Jose Mourinho, who calls himself the "special one," is the manager of Chelsea, they have won the English championship two years in a row. He said on TV the other day that the Champions League is difficult to win as the referees are bent. He referred to a goal by the world-class Ukrainian striker Shevchenko in a match against Barcelona that was disallowed. I saw that game, the ball came in from the left, Shevchenko was not flagged offside; he played the ball down with his chest and slotted it into the goal. The ref, Markus Merk disallowed it to everyone’s dismay.

The Juventus manager’s phone was tapped two months ago talking to an important official about an up-coming game in Amsterdam, in which the caller told him that he had good news and that he’d made sure a certain referee was appointed to the game. Forty-five people are being investigated and the headquarters of the Italian Football Federation in Rome were raided. There are months of tapped phone call transcripts still to come out and several Italian referees are under suspicion. Italian journalists are calling it the granddaddy of all scandals; enditements will follow. Lazio, Fiorentina, AC Milan and Juventus are all in frame right now for match fixing and more clubs will follow no doubt.

This one it’s going to be massive, the Italian papers say that this season 29 out of 38 Juventus games were fixed. Juventus are just three points clear at the top of the Italian league with one game to go, so fixing 29 games would have helped them a whole bunch. It’s also alleged that Buffon, Juventus’ goalkeeper, who is considered the best goalie in the world, has been trapped in the sting for alleged illegal match betting. There’s talk of people wagering half a million euro a game.

To an Italian his mother comes first, soccer is second, and his car or motorbike is third. The rest of his life: church, money, life, death, sex, romance, children etc are well down the list. Soccer is religion in Italy. This is going to be a big shock, but if in the end it all gets cleaned up it, it will make the game more fair because dodgy refereeing decisions and match fixing spoil the world’s most popular game.

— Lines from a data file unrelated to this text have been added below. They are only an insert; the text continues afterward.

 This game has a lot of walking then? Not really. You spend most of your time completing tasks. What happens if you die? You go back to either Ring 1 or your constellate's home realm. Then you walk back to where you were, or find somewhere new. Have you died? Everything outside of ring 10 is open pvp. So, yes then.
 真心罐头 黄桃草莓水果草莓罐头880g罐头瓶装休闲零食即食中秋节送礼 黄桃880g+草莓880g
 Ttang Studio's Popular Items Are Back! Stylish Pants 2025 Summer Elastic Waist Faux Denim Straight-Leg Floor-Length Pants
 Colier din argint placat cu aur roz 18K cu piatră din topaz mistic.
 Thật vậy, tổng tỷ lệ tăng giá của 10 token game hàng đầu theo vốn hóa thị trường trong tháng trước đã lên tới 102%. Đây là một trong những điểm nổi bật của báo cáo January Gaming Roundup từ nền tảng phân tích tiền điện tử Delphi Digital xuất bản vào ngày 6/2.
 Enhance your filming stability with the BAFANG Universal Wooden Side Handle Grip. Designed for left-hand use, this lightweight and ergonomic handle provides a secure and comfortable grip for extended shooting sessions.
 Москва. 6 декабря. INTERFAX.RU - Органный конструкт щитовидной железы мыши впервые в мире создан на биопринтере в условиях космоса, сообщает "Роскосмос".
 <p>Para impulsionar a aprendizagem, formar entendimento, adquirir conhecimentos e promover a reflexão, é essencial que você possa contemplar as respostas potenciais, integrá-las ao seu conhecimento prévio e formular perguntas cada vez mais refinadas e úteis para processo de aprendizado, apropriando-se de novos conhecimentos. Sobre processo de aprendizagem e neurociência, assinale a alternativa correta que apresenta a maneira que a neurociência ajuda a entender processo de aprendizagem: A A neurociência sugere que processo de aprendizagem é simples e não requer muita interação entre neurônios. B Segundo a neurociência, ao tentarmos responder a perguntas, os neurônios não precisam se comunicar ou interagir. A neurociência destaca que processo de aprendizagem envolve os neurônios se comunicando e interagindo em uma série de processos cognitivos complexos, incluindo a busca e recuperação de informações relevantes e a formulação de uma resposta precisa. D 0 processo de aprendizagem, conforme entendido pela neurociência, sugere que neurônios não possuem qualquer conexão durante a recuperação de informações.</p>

A while ago, I saw in the Mirror-World how bent the game is and how a very famous footballer had been paid a vast sum to throw a World Cup final. Maybe he’ll come out with the dirty laundry in this sting, ’should be good. Some really big names are going to get their finger cracked as the tray of the cash register slams shut, others may do time in the slammer before this thing pans out to the final whistle - fun, fun, fun.

 

© Stuart Wilde 2006 - www.stuartwilde.com

PS. 'Sepp Blatter, the president of FIFA that controls soccer worldwide has recently been investigated for allegedly accepting a $400,000 bribe. Charming.